Between 2022 and early 2025, MedProgramme support under CP 1.1, financed by the Global Environment Facility (GEF), moved from dialogue to delivery.
Through a Small-Scale Funding Agreement, the programme supported the University of Tuzla, Faculty of Mining, Geology and Civil Engineering, to prepare a comprehensive Environmental Sound Management (ESM) Plan for the HAK-1 site. The objective was clear: turn years of data and concern into a plan that decision-makers could actually use.
New field investigations strengthened the evidence base. Five boreholes were drilled to better understand subsurface conditions and contamination pathways. Soil, groundwater and construction materials were analysed using established reference thresholds, including a target mercury concentration of 0.3 mg/kg and an intervention value of 10 mg/kg. All tested materials within the former facility exceeded the intervention level, confirming that passive management was no longer sufficient.
As one of the technical leads involved in the work explained:
“This plan was designed for reality, not for paper.
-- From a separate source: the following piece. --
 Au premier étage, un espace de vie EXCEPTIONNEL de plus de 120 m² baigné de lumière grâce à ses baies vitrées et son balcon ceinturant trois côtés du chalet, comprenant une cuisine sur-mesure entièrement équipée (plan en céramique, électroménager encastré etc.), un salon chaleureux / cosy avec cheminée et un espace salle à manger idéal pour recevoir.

We assessed what is technically sound, what can be implemented locally, and what would actually reduce risk, not just shift it elsewhere.”
The ESM Plan focuses on solutions that can realistically be implemented in Tuzla. Rather than relying on externally dependent or high-risk approaches, it prioritises on-site measures that reduce exposure while remaining technically and financially feasible.
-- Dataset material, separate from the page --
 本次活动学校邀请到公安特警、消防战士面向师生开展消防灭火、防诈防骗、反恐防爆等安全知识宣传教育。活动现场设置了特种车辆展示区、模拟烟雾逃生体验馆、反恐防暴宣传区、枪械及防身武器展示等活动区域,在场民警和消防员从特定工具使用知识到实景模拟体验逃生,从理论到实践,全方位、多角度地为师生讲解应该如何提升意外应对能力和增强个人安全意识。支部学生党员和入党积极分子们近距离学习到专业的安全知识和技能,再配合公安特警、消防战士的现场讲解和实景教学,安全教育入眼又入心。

Using a structured decision-making approach, the preferred remediation pathway combines immobilisation, soil stabilisation and phytoremediation. In practical terms, this includes a sealed containment structure to prevent mercury migration, an underground protective barrier along the site’s north-western boundary, and soil treatment using mineral additives that laboratory testing showed could reduce mercury availability by more than 60 percent.
More complex alternatives, such as exporting contaminated soil for treatment abroad, were assessed but considered significantly more costly and operationally challenging, particularly given the absence of domestic remediation facilities.
The ESM Plan is deliberately transparent about costs. While export-based solutions would require substantial financial resources, the in-country remediation package proposed in the plan is estimated at 3.33 million BAM, including taxes and contingency.
The plan is equally clear about what remains unresolved. Monitoring is identified as the key enabling condition for implementation. At present, no institution is formally mandated or resourced to monitor mercury behaviour before, during and after remediation. The ESM Plan therefore defines a three-phase monitoring framework and highlights the establishment of such a system as a prerequisite for safe and credible implementation.
From the government perspective, this clarity matters:
“For years, we knew HAK-1 posed a risk, but we lacked a clear, realistic roadmap. With MedProgramme support, we now have a plan that translates evidence into concrete options and costs, and that is a decisive step forward for Bosnia and Herzegovina.”
By 2026, HAK-1 has moved from being a known environmental concern to a project-ready case. The MedProgramme, with financing from the GEF, has not remediated the site — nor was it intended to. Instead, it delivered what had been missing for years: a technically grounded, costed and context-appropriate plan that allows national and local authorities to move forward with confidence.
What happens next will depend on decisions, mandates and resources. But for the first time, Tuzla is no longer asking whether something can be done at HAK-1 — it has the tools to decide how and when.